Just as important as affordability is the quality of the coverage being offered on the exchanges. The benefit design of each health product on an exchange will meet the requirements of the essential health benefits (EHBs). The EHBs provide a robust level of coverage for all plans available on an exchange. However, quality cannot be effectively measured until consumers have had sufficient time to evaluate the health plans they have chosen and take the opportunity to provide feedback about the quality of the product. Realistically, it will take about a year to collect and analyze this data before relevant quality data will be available to consumers.

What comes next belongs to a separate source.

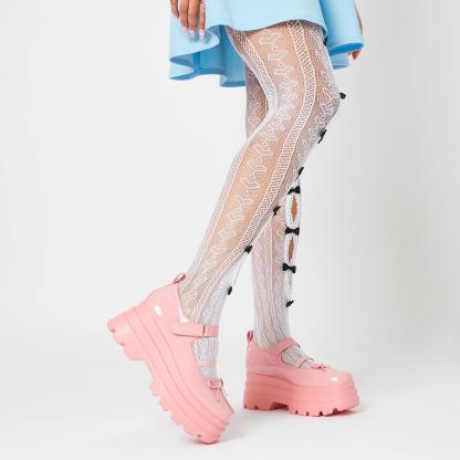 Introducing the Trident Mary Janes: a KOI staple that embodies both timeless charm and playful kawaii spirit. Now reimagined in a warm pink hue, these shoes offer a fresh take on a classic. Crafted from soft, comfortable vegan leather with a glossy patent finish. Whether you're embracing sweet or bold aesthetics, the Trident Mary Janes provide a versatile foundation for endless styling possibilities.

The consumer experience will be a significant factor in determining the success of any exchange. One of the most critical components of an exchange that will impact the consumer experience will be the effectiveness of consumer decision-support tools, which are intended to help consumers choose a plan that best fits their needs or the needs of their family. The sophistication and usability of these tools will vary state by state, as most state-based exchanges are utilizing different technology vendors to provide these tools. Fortunately, many of these decision support tools already exist in the private sector and have been tested and improved upon over many years.
Will The Exchanges Work? Yes, But The Enrollment Process Will Initially Be Rocky
Now that we have a better sense of how an exchange works and some of the potential challenges it is time to answer the question: Will exchanges work? As you most likely suspected, the answer is not a simple yes or no. Exchanges will work, but there will be significant challenges that consumers will encounter during the enrollment process. Let’s take a look at what some of these challenges will be.
Many consumers will experience delays with enrollment based on their specific eligibility scenarios. For some consumers, these delays could be as long as a couple of days to a couple of weeks — the more complex the eligibility scenario the longer the enrollment process will take. Part of the delay will be due to technical issues at both the state and federal levels. However, it is anticipated that many of these issues will be resolved relatively quickly.
The lack of robust outreach, education, and customer service is a concern and could result in consumers waiting for an available navigator, in-person assistor, or call center customer service representative, thus increasing the time it takes for a consumer to complete the enrollment process. Additionally, if Navigators or in-person assistors lack the necessary training this, too, could delay enrollment as consumers wait to get their questions answered.
So while all exchanges will open on October 1st, it is highly anticipated that enrollment will initially be rocky and slow for most consumers. I believe that baseline functionality of state-based exchanges will be up and running, but it can be expected that due to the challenges outlined above, very few states will have comprehensive working exchanges on October 1st.